Contents
Explanations
GFlops
Flops is the shortcut for Floating Point Operations per Second. Most numeric calculations handle floating point numbers like 1.34 or 0.7e-5. To compare performance of different systems we count the operations (only * and +/-) and measure the time required which gives us a Flops rate. GFlops are just 1.000.000.000 operations per second.
Intel Compiler
The compiler suite from Intel is a commercial product which requires licencing. We buy and offer several of this licenses to our costumers. To access the compiler and additional products select the corresponding module and use ifort (FORTRAN), icc (C) or icpc (C++) for compilation.

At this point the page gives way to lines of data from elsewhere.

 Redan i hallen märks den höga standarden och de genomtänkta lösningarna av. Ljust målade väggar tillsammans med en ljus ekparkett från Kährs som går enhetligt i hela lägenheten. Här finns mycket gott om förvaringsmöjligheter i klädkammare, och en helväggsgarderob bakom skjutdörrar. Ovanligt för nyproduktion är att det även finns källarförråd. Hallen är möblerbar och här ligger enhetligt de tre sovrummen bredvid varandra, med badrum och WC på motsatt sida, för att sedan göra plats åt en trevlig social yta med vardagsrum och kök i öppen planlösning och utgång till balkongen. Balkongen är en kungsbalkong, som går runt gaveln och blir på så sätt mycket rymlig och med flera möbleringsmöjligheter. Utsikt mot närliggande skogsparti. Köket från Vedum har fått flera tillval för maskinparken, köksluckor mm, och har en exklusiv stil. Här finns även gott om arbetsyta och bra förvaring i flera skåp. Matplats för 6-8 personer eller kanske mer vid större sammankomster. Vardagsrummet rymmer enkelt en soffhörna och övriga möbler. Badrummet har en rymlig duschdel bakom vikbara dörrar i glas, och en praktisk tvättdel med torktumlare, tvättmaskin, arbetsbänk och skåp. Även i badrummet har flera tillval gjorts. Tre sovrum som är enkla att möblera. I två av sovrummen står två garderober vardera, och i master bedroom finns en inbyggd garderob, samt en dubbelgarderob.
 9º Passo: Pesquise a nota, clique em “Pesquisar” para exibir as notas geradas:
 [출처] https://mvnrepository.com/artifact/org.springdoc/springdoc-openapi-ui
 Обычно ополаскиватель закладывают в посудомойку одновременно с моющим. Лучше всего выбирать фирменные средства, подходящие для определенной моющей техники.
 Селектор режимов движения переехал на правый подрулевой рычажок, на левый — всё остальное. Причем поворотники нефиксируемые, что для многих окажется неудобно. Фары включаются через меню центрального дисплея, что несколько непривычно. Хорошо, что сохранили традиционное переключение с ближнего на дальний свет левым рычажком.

Calculating Peak Performance
Here a simple calculation for our systems. The best operation is a so called fused multiply add (FMA) operation which delivers 2 Flops every cycle (+/- and *). Without vectorization a core has 1 FMA unit and a core running at 2 GHz (= 1./cycle time) therefore has a peak performance of 4 GFlops. AVX provides additional FMA units (see introduction). If we look at double precision AVX and AVX2 will result in 16 GFlops peak and AVX512 in 32 GFlops. The Skylake generation of Intels CPUs may have up to 2 of these AVX512 units resluting in a peak performance of 64 GFlops.

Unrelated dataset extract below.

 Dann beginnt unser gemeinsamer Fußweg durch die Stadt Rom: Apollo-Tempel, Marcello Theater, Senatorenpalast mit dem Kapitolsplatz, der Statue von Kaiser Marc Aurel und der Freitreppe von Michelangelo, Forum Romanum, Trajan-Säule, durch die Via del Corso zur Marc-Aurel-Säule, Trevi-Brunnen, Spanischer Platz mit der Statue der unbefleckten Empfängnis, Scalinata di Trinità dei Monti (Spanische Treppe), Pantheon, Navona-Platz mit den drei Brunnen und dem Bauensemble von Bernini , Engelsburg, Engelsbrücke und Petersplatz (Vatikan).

This is not quite true as AVX instruction typically run at a lower cycle time than normal instructions.
Pragmas
The #pragma directive is the method specified by the C standard for providing additional information to the compiler, beyond what is conveyed in the language itself. Unfortunately there is no common definition for pragmas for all compilers making their usage problematic for portability. The IVDEP pragma is to my knowledge general available. It tells the compiler that the subsequent loops carries no data dependencies.